- Born: Artur Vladimirovich Fonvizin 11 January 1883 Riga, Russian Empire
- Died: 19 August 1973 (aged 90) Moscow, Russian SFSR, Soviet Union
- Known for: Painting
- Movement: Formalism, Expressionism
- Awards: Honoured Artist of the Russian Federation

= Artur Fonvizin =

Russian painter

Artur Vladimirovich Fonvizin (Артур Влади́мирович Фонви́зин, from von Wiesen; 11 January 1883 - 19 August 1973) was a Soviet painter of watercolours.

== Biography ==
Artur Fonvizin was born on 11 January 1883 in Riga, Governorate of Livonia, Russian Empire (now Latvia), the son of a German-born forester.

===Studies===
After finishing high school in 1901, he went to study at the Moscow School of Painting, Sculpture and Architecture. His early works were signed von Wiesen. His teachers were K. N. Gorski, V. N. Baksheev, and P. I. Klodt.

There he met Mikhail Larionov, the leader of the Union of Youth, ready to "subvert the old art." When the Union arranged an exhibition without the permission of the school authorities, he was expelled from the school, along with Mikhail Larionov and Sergei Sudeikin.

In 1904, he moved to Munich, where he continued his studies at private art studios.

In 1906, he returned to Russia, to live for a time with his parents in their village.

===Shows===
From 1907 until the Great War, as a member of Larionov's group, Fonvizin was a notable participant in the exhibitions Blue Rose (1907), Stephanos (1909), Union of Youth, the first exhibition of the Jack of Diamonds (December 1910), the exhibitions Target and The Donkey's Tail (1910–12). He participated in the salons of the Golden Fleece and Wreath-Stephanos, and joined the World of Art movement. His works of this period can be characterized as symbolist, in the so-called lyrical primitive style. His most famous works of the time are The Bride (1902), Leda (1904), and Composition with the figure of Christ (1904).

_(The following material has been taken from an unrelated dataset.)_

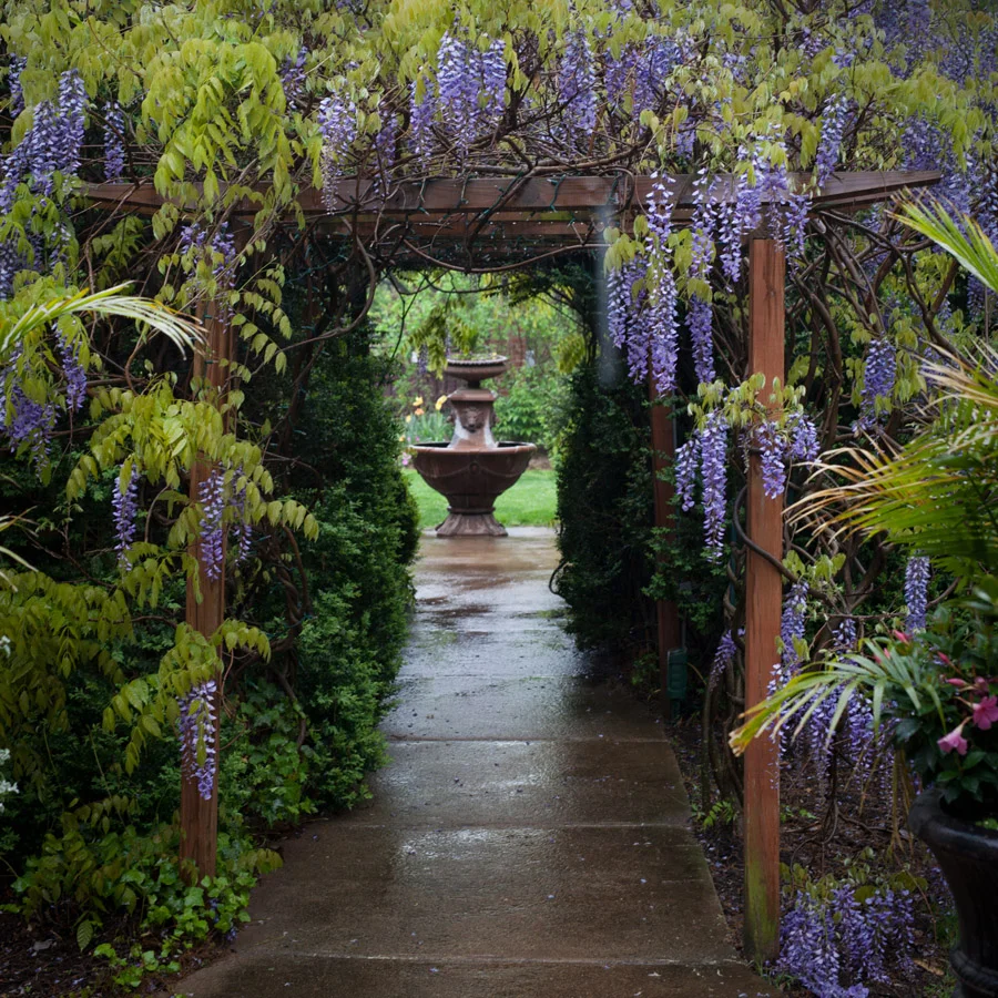 Another special treat for Karen is the blooming wisteria. As us southern belles know, wisteria bloom is a short lived show. Only one bride a year is graced with walking through the tunnel dripping with purple wisteria. Karen was that girl!! There was also a single orange left on the charming orange tree.

When the First World War started, Fonvizin moved to the province of Tambov, where he painted a great deal from nature. In 1918, he headed the art studio at the Proletarian Culture artistic organisation in Tambov. In 1922, he became a member of the creative organization Makovets and participated in its exhibitions. In 1923, he taught at the Art College of Nizhny Novgorod. In 1926, he returned to the Tambov studio of illustrative art.

===A World of Watercolors===
In 1927, he went to Moscow, where the following year he joined the Society of Artists of Moscow and the Association of Artists of Revolutionary Russia. At the same time, he moved on to watercolours, his primary medium for the rest of his life. In 1929, he visited Leningrad, where he sketched views of the city; in the early 1930s he travelled to Kerch and Askania-Nova. Other works of those years include illustrations for 1001 Nights (1932), and A German Romantic Tale (1936).

His first solo exhibition was held at the Pushkin Museum in 1936.

In 1937, during a Communist campaign against formalism in art, the Soviet press lumped him with The Gang of Formalists (which comprised The Three F's: Falk, Favorsky, and Fonvizin).

From the beginning of the 1940s to his death, the main themes of the artist's works were portraits of theatre actresses in stage costume, sketches of the circus, pictures of pre-revolutionary life, images of flowers, and landscapes. Fonvizin's distinguishing characteristic is that he painted directly, without the use of preparatory sketches in pencil.

===Exiled===
In 1943, because of his German descent, Fonvizin was exiled to Kazakhstan. There he began his cycles Karaganda and The Cabmen.

From 1958 to 1960, the artist lived in the village of Pirogovo, where he painted landscapes.

He continued to exhibit his works after the Second World War. His personal exhibitions were held in the Union of Theatrical Artists of the Russian Federation (1940), Central House of Artistic Workers (1944, 1947), Central House of Litterateurs (1955), in the halls of the Moscow Union of Artists (1958), and at the Union of Artists of the USSR (1969).

In 1970, he received the title of Honoured Artist of the Russian Federation.

He died on 19 August 1973 in Moscow.

Sketches and watercolor portraits of actors and artists, landscapes and still lifes by Fonvizin are kept in the Tretyakov Gallery, the Pushkin Museum, and the State Russian Museum.